Филипп резко отвернулся, словно от удара.
— Твой брат больше для меня не существует, — проговорил он ледяным тоном.
Клеопатра разразилась слезами.
— Но почему, отец? Почему?
— Ты сама знаешь почему. Ты была там. Ты видела, как он унизил меня на глазах у представителей всех греческих городов, перед моими стратегами и вельможами.
— Отец, он же…
— Не смей защищать его! — закричал царь. — Я послал его учиться к Аристотелю, я пригласил Лисиппа изваять его образ, я отчеканил монету с его изображением. Ты понимаешь, что это значит? Нет, дочь моя, оскорбление и неблагодарность были слишком велики, слишком велики…
Клеопатра рыдала, закрыв лицо руками, и Филипп хотел было подойти к ней, но, не желая еще больше расстраиваться, остался на месте.
— Отец…— снова попыталась заговорить девушка.

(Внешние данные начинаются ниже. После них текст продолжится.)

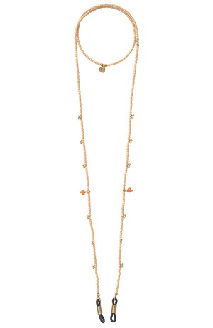Beautiful eyewear lanyard from A Beautiful Story in shades of orange and and gold with a small carnelian stone. The carnelian stone represents courage, change and creativity.
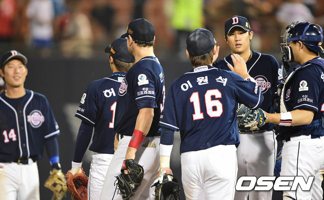 두산 선수들이 마운드에서 하이파이브를 나누고 있다./dreamer@osen.co.kr

— Не защищай его, сказано тебе!
— А я буду! Я тоже была там в тот день и видела, как моя мать побледнела, глядя на тебя, когда ты, пьяный, положил руки на грудь своей молодой жене и гладил ее живот. И Александр видел это, а он любит свою мать. Может быть, он должен вышвырнуть ее из своей жизни, как ты?
Филипп в ярости воздел руки к небу.
— Это все Олимпиада! Это она настроила тебя против меня! Что, не так? — взревел он, побагровев от гнева. — Вы все против меня, все!
Клеопатра упала к его ногам и обняла колени:
— Это неправда, отец, неправда, мы лишь хотим, чтобы ты опомнился. Конечно, Александр был опрометчив. — При этих словах Филипп как будто немного успокоился. — Но как ты не понимаешь? Даже не пытаешься понять! Как бы ты поступил на его месте? Если бы кто-то публично назвал тебя незаконнорожденным? Ты бы не вступился за честь своей матери? Не этому ли ты всегда учил своего сына? А теперь, когда он стал похож на тебя, когда повел себя так, как ты хотел от него, ты от него отказываешься. Ты хотел Ахилла! — продолжала Клеопатра, подняв мокрое от слез лицо. — Ты хотел Ахилла и получил его. Гнев Александра — это гнев Ахилла, отец!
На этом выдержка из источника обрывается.